*** Opening of Information shown ***

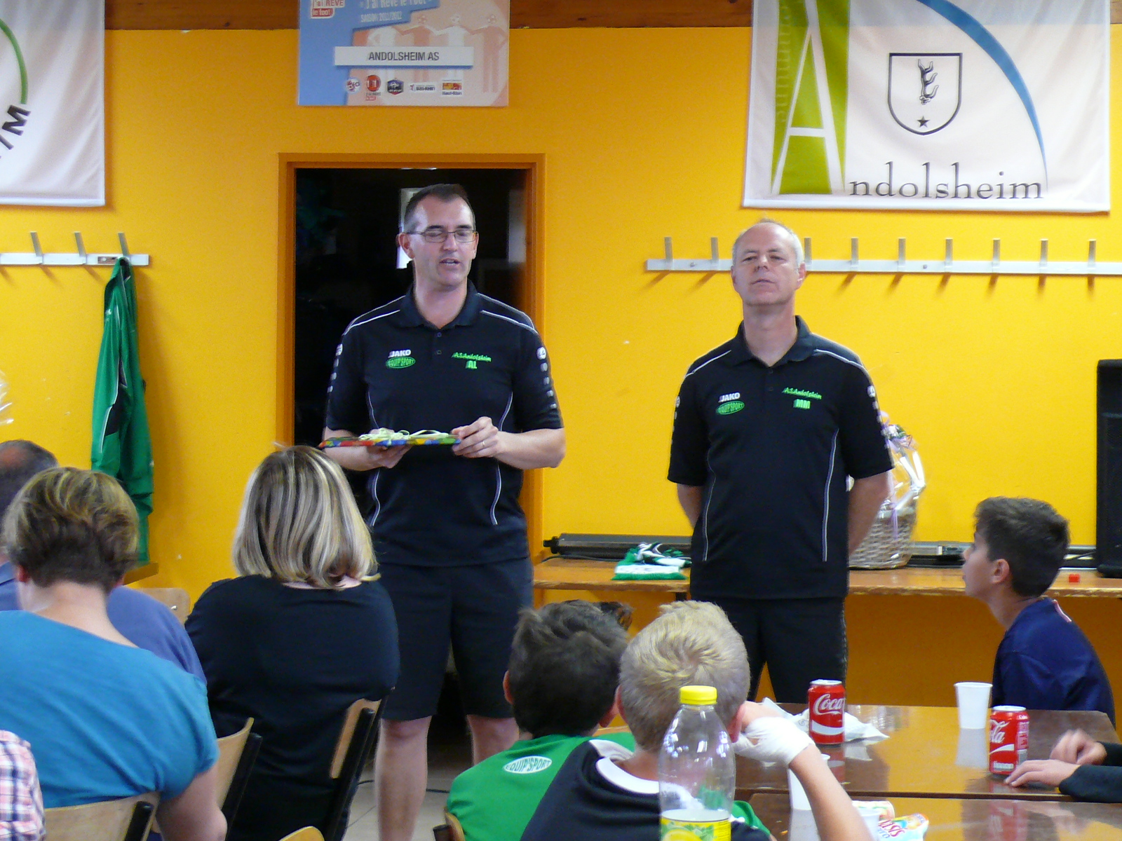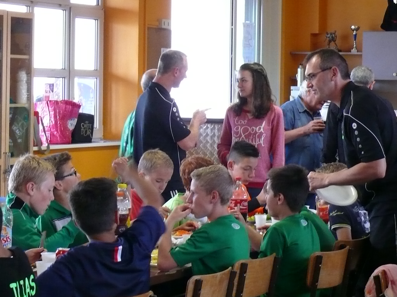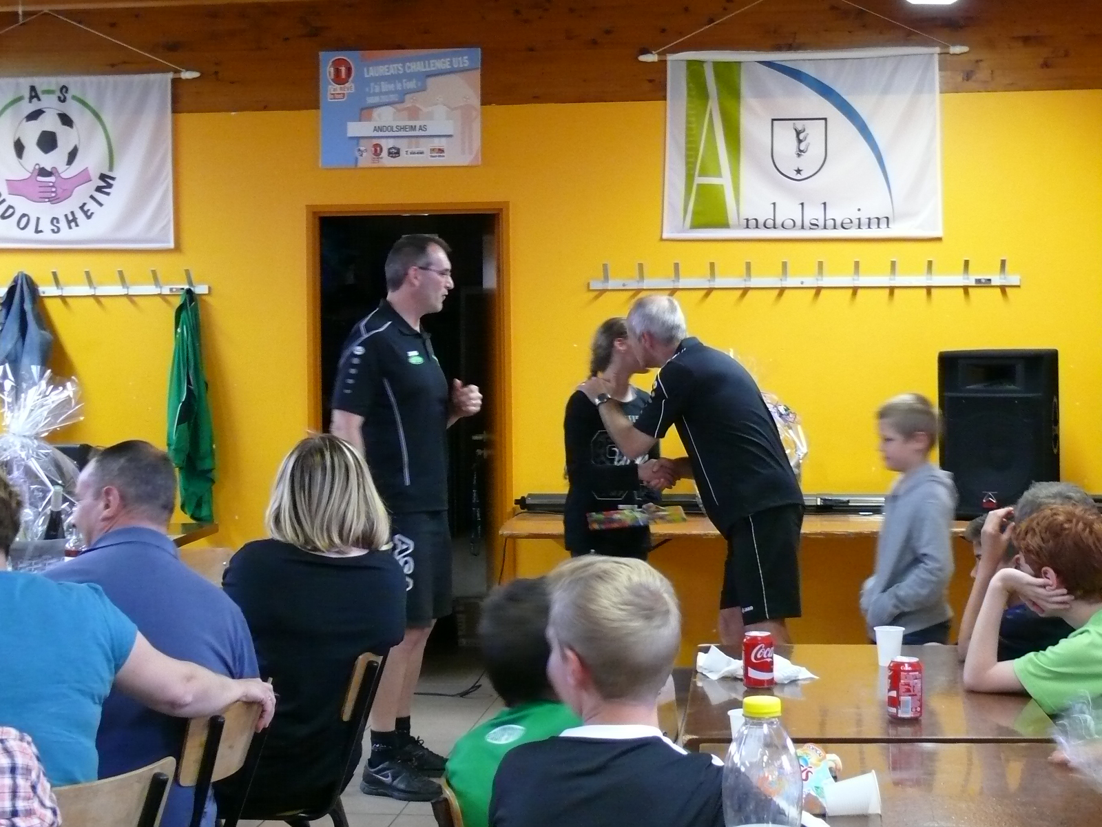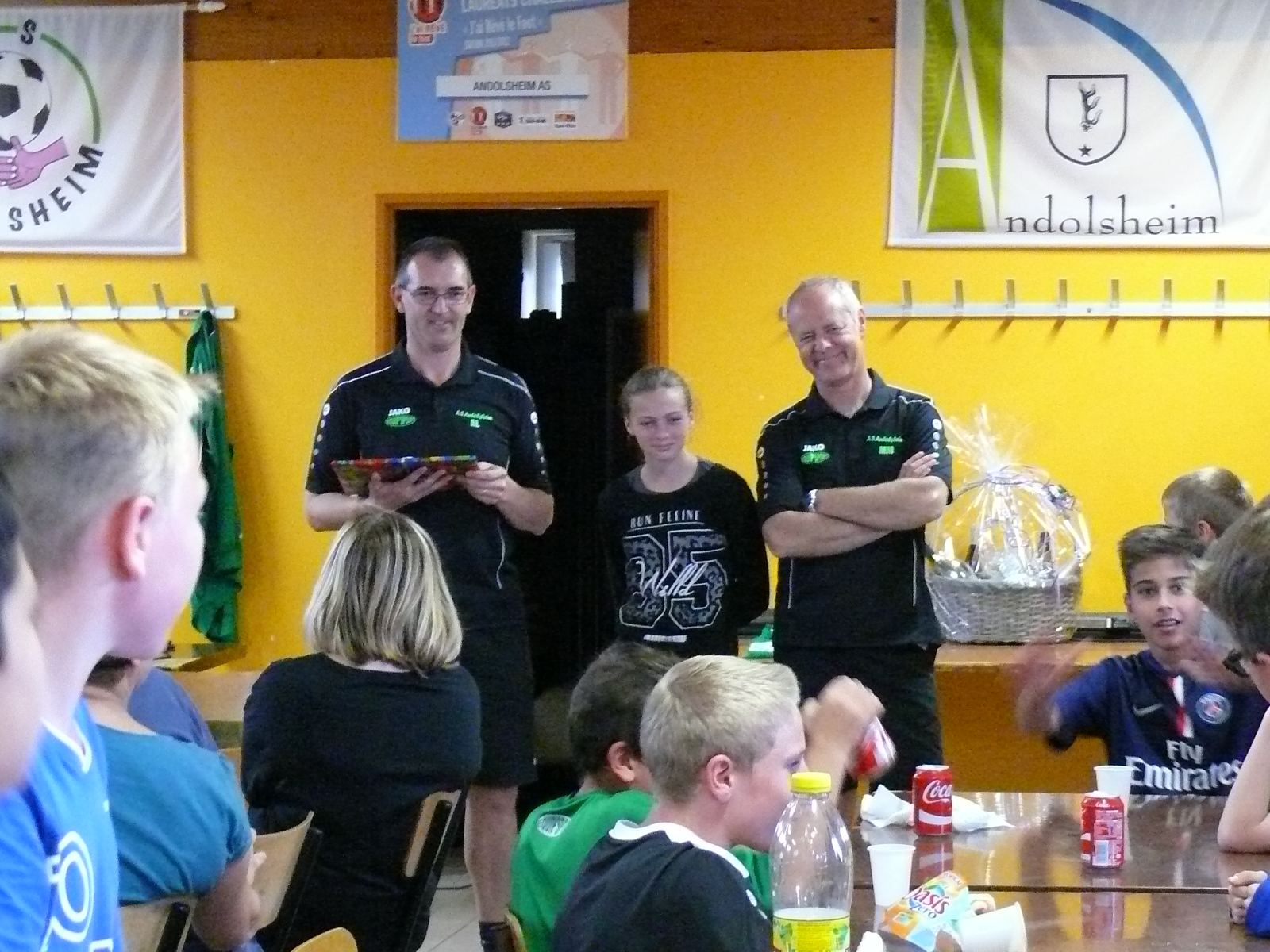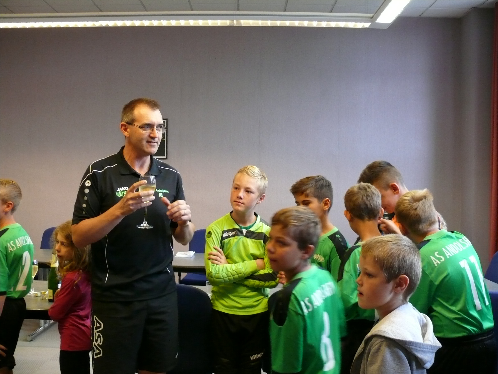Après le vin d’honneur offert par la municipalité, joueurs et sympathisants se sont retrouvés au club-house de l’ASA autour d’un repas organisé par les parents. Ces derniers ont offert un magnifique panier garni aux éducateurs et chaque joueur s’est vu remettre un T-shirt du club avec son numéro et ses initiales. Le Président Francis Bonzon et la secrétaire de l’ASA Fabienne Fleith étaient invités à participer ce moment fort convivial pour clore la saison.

*** Close of Information shown ***
*** Opening of Information shown ***

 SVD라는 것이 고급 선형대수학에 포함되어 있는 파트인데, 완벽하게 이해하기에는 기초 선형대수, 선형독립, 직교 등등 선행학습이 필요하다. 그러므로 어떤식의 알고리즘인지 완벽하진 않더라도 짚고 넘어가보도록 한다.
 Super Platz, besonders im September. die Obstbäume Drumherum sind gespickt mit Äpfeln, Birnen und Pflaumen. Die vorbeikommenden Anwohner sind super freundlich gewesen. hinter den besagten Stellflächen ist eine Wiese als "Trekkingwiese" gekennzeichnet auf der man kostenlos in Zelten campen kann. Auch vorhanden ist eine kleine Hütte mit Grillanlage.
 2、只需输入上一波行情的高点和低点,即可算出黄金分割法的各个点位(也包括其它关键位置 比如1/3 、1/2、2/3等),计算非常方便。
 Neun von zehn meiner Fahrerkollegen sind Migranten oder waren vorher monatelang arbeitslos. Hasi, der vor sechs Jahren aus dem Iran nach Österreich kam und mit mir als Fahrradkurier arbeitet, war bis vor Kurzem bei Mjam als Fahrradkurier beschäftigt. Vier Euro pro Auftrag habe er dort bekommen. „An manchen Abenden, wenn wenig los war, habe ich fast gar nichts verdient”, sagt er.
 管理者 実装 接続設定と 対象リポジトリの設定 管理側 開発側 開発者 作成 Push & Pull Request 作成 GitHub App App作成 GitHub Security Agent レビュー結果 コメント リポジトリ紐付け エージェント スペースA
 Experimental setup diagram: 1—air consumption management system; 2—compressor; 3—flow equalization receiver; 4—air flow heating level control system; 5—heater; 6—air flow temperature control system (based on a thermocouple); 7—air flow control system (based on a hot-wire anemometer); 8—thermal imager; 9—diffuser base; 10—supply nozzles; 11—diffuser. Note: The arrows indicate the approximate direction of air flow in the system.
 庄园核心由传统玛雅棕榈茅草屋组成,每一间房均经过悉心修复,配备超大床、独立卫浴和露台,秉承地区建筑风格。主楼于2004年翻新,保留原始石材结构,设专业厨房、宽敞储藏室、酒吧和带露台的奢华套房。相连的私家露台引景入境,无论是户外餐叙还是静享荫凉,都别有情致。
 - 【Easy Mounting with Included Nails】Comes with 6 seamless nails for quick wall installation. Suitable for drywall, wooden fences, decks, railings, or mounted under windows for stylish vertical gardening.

*** Close of Information shown ***
*** Opening of Information shown ***

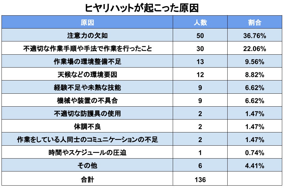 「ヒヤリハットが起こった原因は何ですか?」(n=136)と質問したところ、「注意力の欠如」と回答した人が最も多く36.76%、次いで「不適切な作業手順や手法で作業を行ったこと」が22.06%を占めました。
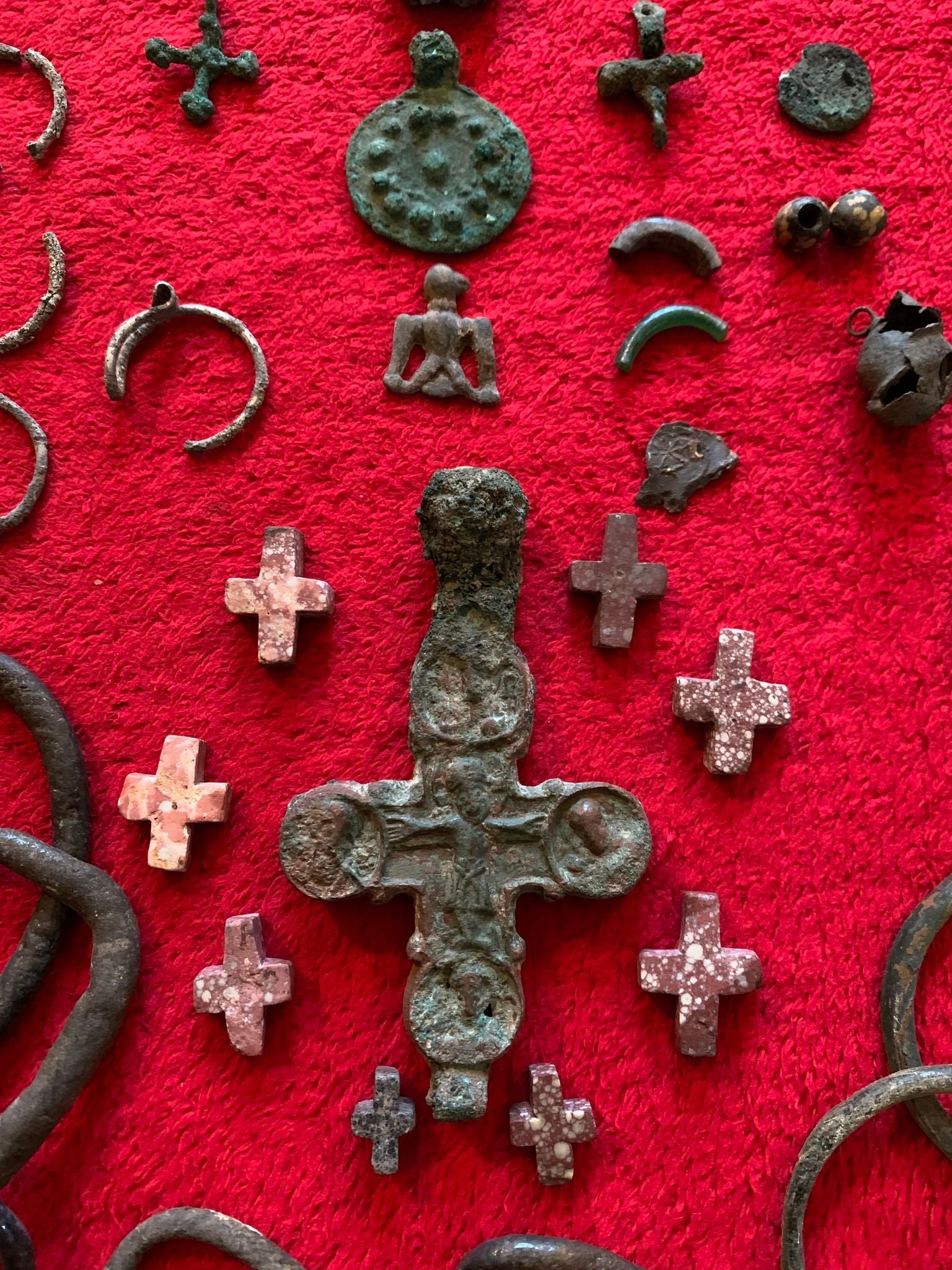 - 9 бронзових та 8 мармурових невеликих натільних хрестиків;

*** Close of Information shown ***

Exercise objective: Every line above with the string "sind" in it needs to be copied.

Exercise result:
 Super Platz, besonders im September. die Obstbäume Drumherum sind gespickt mit Äpfeln, Birnen und Pflaumen. Die vorbeikommenden Anwohner sind super freundlich gewesen. hinter den besagten Stellflächen ist eine Wiese als "Trekkingwiese" gekennzeichnet auf der man kostenlos in Zelten campen kann. Auch vorhanden ist eine kleine Hütte mit Grillanlage.
 Neun von zehn meiner Fahrerkollegen sind Migranten oder waren vorher monatelang arbeitslos. Hasi, der vor sechs Jahren aus dem Iran nach Österreich kam und mit mir als Fahrradkurier arbeitet, war bis vor Kurzem bei Mjam als Fahrradkurier beschäftigt. Vier Euro pro Auftrag habe er dort bekommen. „An manchen Abenden, wenn wenig los war, habe ich fast gar nichts verdient”, sagt er.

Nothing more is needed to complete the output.